**THE PROBLEM**: Given these entries, repeat exactly the lines starting with the one that has "Расходы бюджета города" and going on through the one that has "This February 2020-born", both included, but none of the pictures.

━━━━━ ENTRIES SHOWN ━━━━━

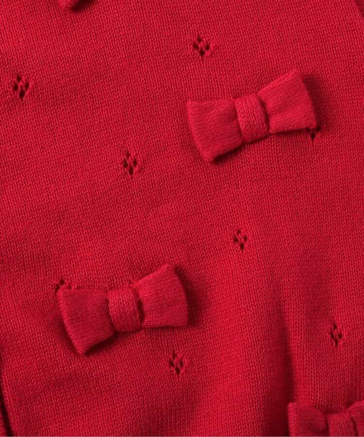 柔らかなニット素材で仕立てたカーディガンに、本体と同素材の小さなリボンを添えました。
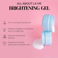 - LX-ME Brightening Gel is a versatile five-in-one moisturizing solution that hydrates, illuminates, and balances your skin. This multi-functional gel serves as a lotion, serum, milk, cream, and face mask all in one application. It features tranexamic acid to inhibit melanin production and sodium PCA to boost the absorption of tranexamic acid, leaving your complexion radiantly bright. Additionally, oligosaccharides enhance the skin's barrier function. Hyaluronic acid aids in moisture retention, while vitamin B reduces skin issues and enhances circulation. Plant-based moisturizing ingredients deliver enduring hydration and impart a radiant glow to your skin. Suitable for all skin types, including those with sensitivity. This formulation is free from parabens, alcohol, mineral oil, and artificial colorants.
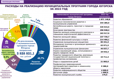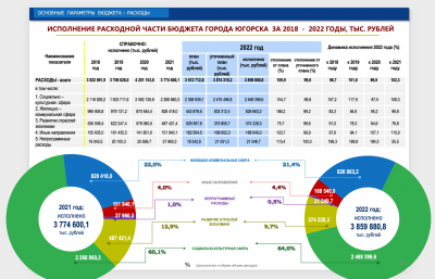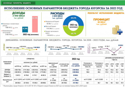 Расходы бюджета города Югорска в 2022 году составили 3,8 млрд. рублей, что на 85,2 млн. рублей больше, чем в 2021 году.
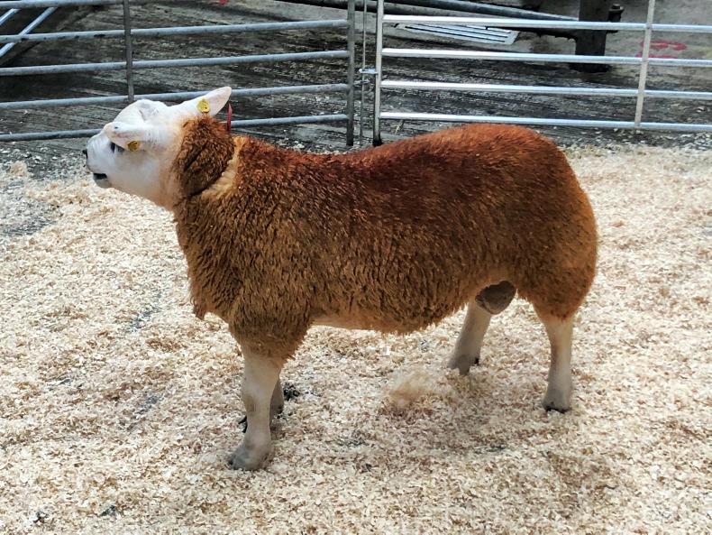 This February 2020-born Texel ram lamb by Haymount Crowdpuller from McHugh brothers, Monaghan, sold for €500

━━━━━
━━━━━ ENTRIES SHOWN ━━━━━

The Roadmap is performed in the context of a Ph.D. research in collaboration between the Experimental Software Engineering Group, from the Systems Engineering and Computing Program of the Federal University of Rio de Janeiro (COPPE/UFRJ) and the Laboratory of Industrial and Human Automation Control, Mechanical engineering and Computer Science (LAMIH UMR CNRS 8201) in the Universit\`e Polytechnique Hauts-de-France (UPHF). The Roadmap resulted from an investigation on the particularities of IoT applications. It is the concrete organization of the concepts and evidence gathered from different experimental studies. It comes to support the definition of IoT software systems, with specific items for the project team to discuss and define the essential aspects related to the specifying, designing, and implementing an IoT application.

━━━━━
━━━━━ ENTRIES SHOWN ━━━━━

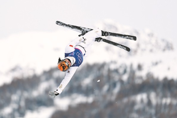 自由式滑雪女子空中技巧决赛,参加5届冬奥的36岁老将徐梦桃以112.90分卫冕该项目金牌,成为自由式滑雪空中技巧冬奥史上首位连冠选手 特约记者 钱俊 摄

━━━━━

**RESPONSE AREA**:
 Расходы бюджета города Югорска в 2022 году составили 3,8 млрд. рублей, что на 85,2 млн. рублей больше, чем в 2021 году.
 This February 2020-born Texel ram lamb by Haymount Crowdpuller from McHugh brothers, Monaghan, sold for €500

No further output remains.